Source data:
Start of Block

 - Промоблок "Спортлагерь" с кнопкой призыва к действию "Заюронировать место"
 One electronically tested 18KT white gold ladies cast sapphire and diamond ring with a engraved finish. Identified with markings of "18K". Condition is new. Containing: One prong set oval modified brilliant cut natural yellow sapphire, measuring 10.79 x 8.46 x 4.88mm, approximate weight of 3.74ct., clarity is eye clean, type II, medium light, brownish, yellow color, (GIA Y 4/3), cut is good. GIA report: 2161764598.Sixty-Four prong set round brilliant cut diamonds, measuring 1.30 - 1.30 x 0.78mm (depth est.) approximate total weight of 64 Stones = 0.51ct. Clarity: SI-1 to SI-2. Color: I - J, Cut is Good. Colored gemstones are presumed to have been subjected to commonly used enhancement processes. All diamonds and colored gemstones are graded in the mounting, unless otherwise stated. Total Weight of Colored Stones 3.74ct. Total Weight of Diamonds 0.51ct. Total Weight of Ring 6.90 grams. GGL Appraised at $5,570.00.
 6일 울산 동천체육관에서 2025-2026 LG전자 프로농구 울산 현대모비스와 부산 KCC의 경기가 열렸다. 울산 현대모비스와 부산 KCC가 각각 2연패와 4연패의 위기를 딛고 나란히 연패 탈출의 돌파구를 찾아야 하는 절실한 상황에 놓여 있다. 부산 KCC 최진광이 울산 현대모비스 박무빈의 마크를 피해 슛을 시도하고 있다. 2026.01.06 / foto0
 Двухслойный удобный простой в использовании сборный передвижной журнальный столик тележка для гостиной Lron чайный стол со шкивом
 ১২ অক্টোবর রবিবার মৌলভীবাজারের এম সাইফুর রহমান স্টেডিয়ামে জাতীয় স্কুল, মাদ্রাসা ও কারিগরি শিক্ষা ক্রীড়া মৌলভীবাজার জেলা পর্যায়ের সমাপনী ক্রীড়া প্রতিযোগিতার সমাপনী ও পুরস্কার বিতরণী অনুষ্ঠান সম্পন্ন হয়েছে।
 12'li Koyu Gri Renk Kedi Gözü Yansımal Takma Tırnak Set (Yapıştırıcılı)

End of Block

ACTION ITEM:
Only the lines from the one containing "Двухслойный удобный простой" to the end of the data should be printed, exactly as they stand.

RESPONSE TO THIS EXERCISE:
 Двухслойный удобный простой в использовании сборный передвижной журнальный столик тележка для гостиной Lron чайный стол со шкивом
 ১২ অক্টোবর রবিবার মৌলভীবাজারের এম সাইফুর রহমান স্টেডিয়ামে জাতীয় স্কুল, মাদ্রাসা ও কারিগরি শিক্ষা ক্রীড়া মৌলভীবাজার জেলা পর্যায়ের সমাপনী ক্রীড়া প্রতিযোগিতার সমাপনী ও পুরস্কার বিতরণী অনুষ্ঠান সম্পন্ন হয়েছে।
 12'li Koyu Gri Renk Kedi Gözü Yansımal Takma Tırnak Set (Yapıştırıcılı)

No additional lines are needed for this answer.